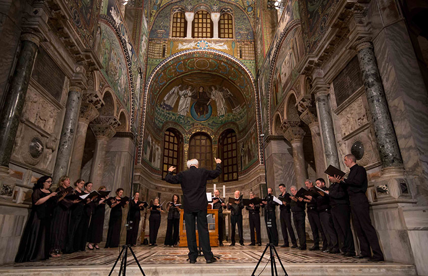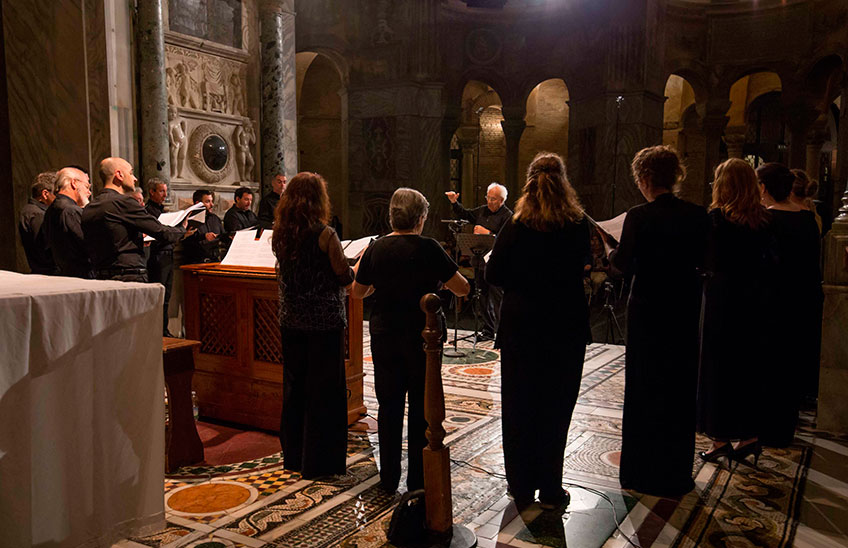 Fu per coinvolgere pienamente i fedeli nel gesto liturgico che con la Riforma luterana (di cui si celebrano i cinquecento anni) si promosse la composizione di corali, non in latino ma nelle lingue d’uso, tali da poter essere cantati da tutti i partecipanti al rito. Ma se, proprio per questo, i primi corali sono semplici melodie, all’epoca di Bach le stesse melodie saranno rivestite di armonie elaboratissime. Come testimonia il più celebre corale di Lutero, Ein feste Burg: intonato nel Cinquecento da Klug e Walter e nel Settecento da Bach e Telemann. Sul versante cattolico, anche la Controriforma si gioca su questioni musicali: toccherà a Palestrina salvare la comprensibilità del testo con nuovi procedimenti polifonici. Come nella Missa L’Homme armé, parafrasi di una melodia popolare molto nota e da altri già più volte impiegata in ambito sacro.
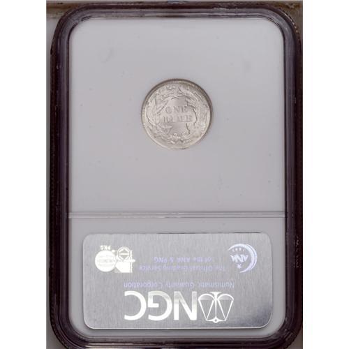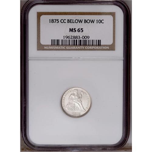 <B>1875-CC<10C> Mintmark Below Bow MS65 NGC.</B></I> This stellar specimen displays attractive silver-gray surfaces that possess a slight pebbly texture and glowing luster. The design elements exhibit nice definition, further enhancing the coin's eye appeal. Small marks on Liberty's right hand and in the left (facing) obverse field are mentioned for the sake of accuracy. Census: 8 in 65, 1 finer (3/06).
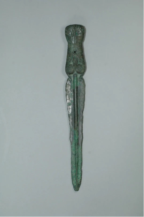 第四,夏家店上層文化中大量的游牧和騎馬民族文化因素,應(yīng)是晚商以來,伏爾加河流域的塞伊瑪文化經(jīng)南西伯利亞、外貝加爾地區(qū)的卡拉蘇克文化和塔加爾文化到達(dá)蒙古高原和中國北方長城地帶,形成諸青銅文化,繼而進(jìn)一步向東方推進(jìn),抵達(dá)夏家店上層文化。其中受長城地帶柄身連鑄匕首式短劍影響,形成夏家店上層的銎柄直刃劍,各種動(dòng)物雕塑形象也被吸收借鑒,在夏家店上層廣泛流行開來。
....
**What is being asked**
Write out all the material verbatim, images excluded.

**Task output**
 Fu per coinvolgere pienamente i fedeli nel gesto liturgico che con la Riforma luterana (di cui si celebrano i cinquecento anni) si promosse la composizione di corali, non in latino ma nelle lingue d’uso, tali da poter essere cantati da tutti i partecipanti al rito. Ma se, proprio per questo, i primi corali sono semplici melodie, all’epoca di Bach le stesse melodie saranno rivestite di armonie elaboratissime. Come testimonia il più celebre corale di Lutero, Ein feste Burg: intonato nel Cinquecento da Klug e Walter e nel Settecento da Bach e Telemann. Sul versante cattolico, anche la Controriforma si gioca su questioni musicali: toccherà a Palestrina salvare la comprensibilità del testo con nuovi procedimenti polifonici. Come nella Missa L’Homme armé, parafrasi di una melodia popolare molto nota e da altri già più volte impiegata in ambito sacro.
 <B>1875-CC<10C> Mintmark Below Bow MS65 NGC.</B></I> This stellar specimen displays attractive silver-gray surfaces that possess a slight pebbly texture and glowing luster. The design elements exhibit nice definition, further enhancing the coin's eye appeal. Small marks on Liberty's right hand and in the left (facing) obverse field are mentioned for the sake of accuracy. Census: 8 in 65, 1 finer (3/06).
 第四,夏家店上層文化中大量的游牧和騎馬民族文化因素,應(yīng)是晚商以來,伏爾加河流域的塞伊瑪文化經(jīng)南西伯利亞、外貝加爾地區(qū)的卡拉蘇克文化和塔加爾文化到達(dá)蒙古高原和中國北方長城地帶,形成諸青銅文化,繼而進(jìn)一步向東方推進(jìn),抵達(dá)夏家店上層文化。其中受長城地帶柄身連鑄匕首式短劍影響,形成夏家店上層的銎柄直刃劍,各種動(dòng)物雕塑形象也被吸收借鑒,在夏家店上層廣泛流行開來。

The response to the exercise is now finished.